_Exercise details_
Beginning with the first line, retype exactly the records below up to and including the line with "Durante las visitas"; pictures do not belong in the copy.

Items from a dataset:
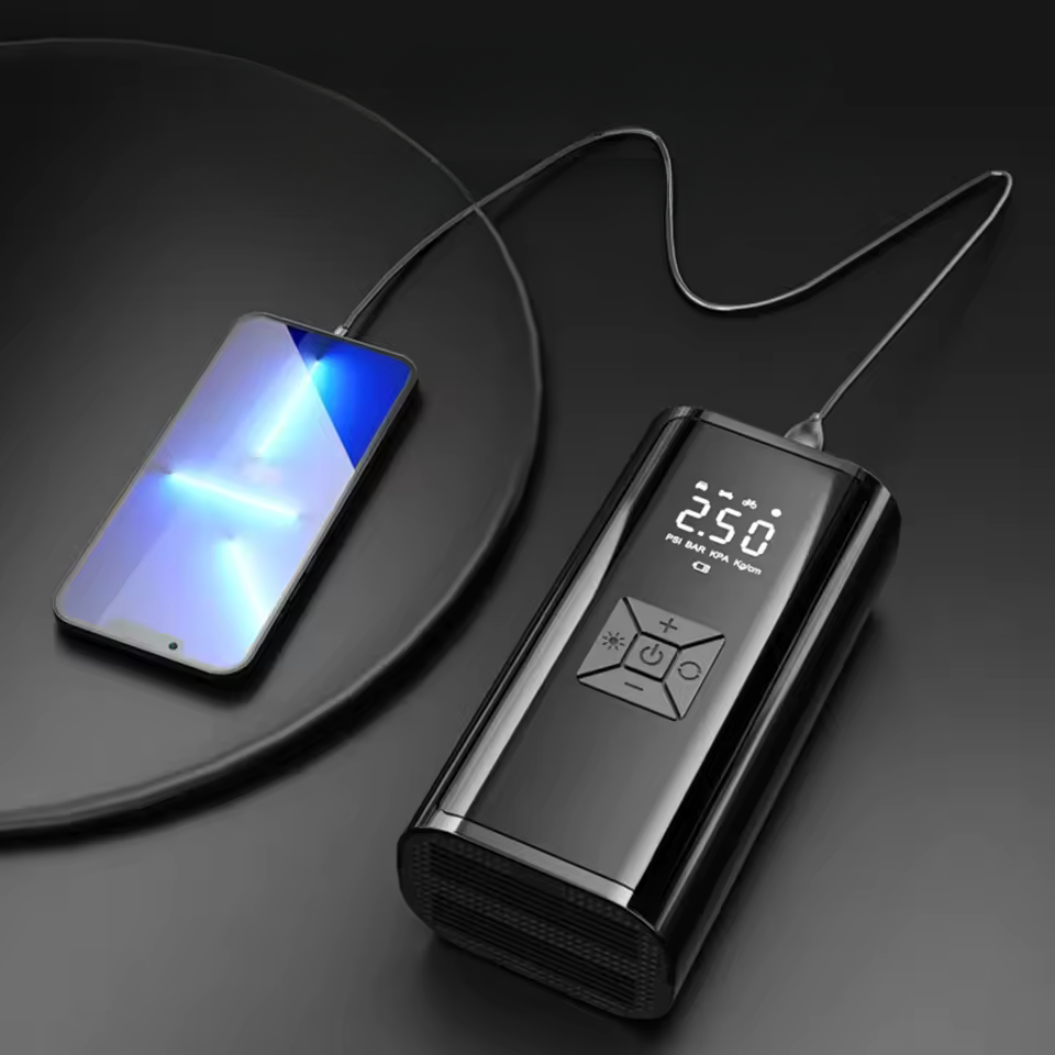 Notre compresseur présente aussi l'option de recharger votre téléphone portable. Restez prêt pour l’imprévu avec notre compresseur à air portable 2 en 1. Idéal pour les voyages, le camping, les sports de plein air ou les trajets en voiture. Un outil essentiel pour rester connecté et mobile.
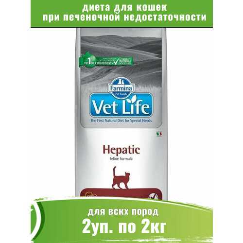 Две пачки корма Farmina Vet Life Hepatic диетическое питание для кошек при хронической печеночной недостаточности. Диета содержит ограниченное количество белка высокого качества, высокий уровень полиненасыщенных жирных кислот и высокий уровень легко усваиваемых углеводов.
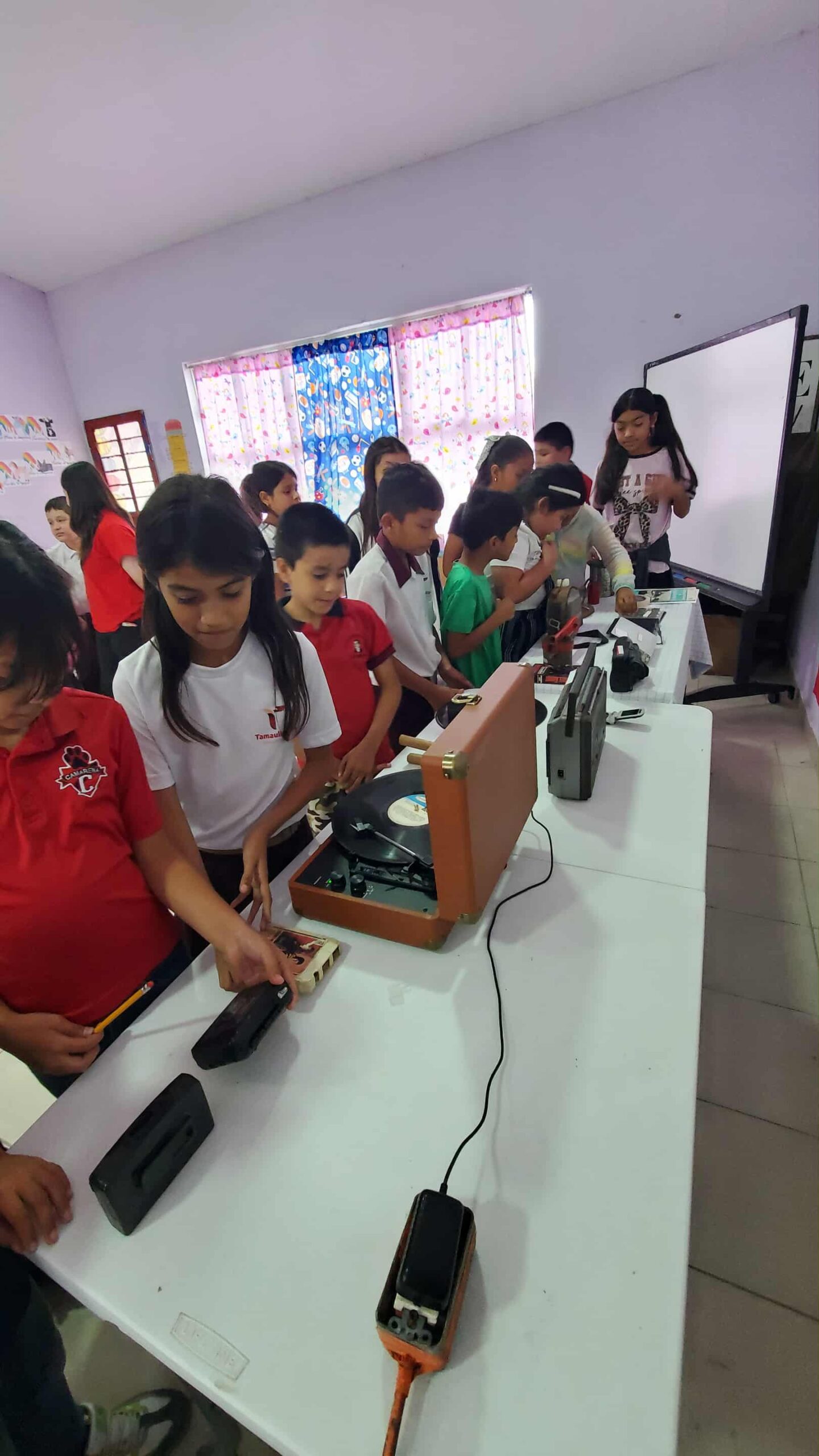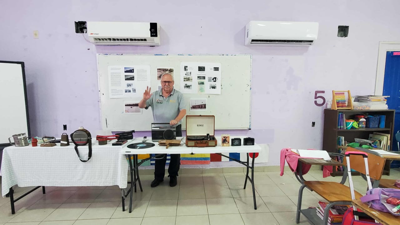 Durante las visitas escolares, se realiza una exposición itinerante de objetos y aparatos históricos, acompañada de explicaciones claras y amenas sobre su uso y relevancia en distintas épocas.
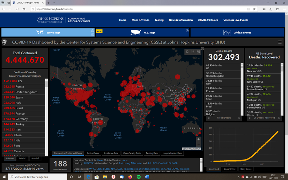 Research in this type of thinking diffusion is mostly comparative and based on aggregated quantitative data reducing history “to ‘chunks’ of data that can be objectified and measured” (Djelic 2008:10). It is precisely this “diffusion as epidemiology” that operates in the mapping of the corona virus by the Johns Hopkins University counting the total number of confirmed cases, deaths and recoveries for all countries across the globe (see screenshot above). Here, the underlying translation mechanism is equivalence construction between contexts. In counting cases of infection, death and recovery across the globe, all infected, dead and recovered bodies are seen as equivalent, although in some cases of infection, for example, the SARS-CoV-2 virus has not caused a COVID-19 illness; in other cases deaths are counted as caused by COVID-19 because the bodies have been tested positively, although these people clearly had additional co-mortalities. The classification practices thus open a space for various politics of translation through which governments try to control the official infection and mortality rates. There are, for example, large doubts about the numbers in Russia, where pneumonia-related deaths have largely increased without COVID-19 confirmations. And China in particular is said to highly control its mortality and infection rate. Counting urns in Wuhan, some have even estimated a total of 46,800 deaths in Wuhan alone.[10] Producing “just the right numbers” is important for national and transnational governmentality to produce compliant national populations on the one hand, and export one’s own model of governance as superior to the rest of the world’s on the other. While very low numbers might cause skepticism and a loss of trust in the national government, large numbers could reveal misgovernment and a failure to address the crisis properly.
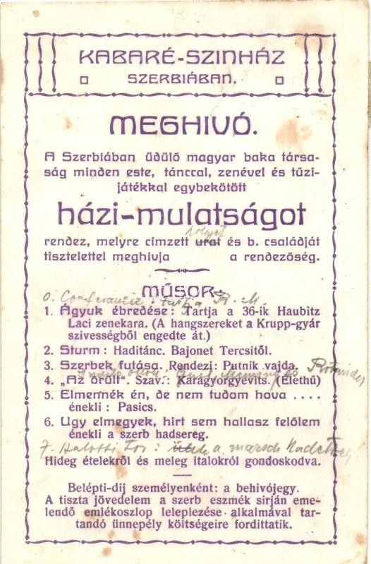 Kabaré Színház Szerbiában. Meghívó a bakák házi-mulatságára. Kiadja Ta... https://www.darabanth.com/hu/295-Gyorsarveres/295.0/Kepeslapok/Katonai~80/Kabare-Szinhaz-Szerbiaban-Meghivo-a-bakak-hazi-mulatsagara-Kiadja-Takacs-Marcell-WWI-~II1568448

_The answer_
 Notre compresseur présente aussi l'option de recharger votre téléphone portable. Restez prêt pour l’imprévu avec notre compresseur à air portable 2 en 1. Idéal pour les voyages, le camping, les sports de plein air ou les trajets en voiture. Un outil essentiel pour rester connecté et mobile.
 Две пачки корма Farmina Vet Life Hepatic диетическое питание для кошек при хронической печеночной недостаточности. Диета содержит ограниченное количество белка высокого качества, высокий уровень полиненасыщенных жирных кислот и высокий уровень легко усваиваемых углеводов.
 Durante las visitas escolares, se realiza una exposición itinerante de objetos y aparatos históricos, acompañada de explicaciones claras y amenas sobre su uso y relevancia en distintas épocas.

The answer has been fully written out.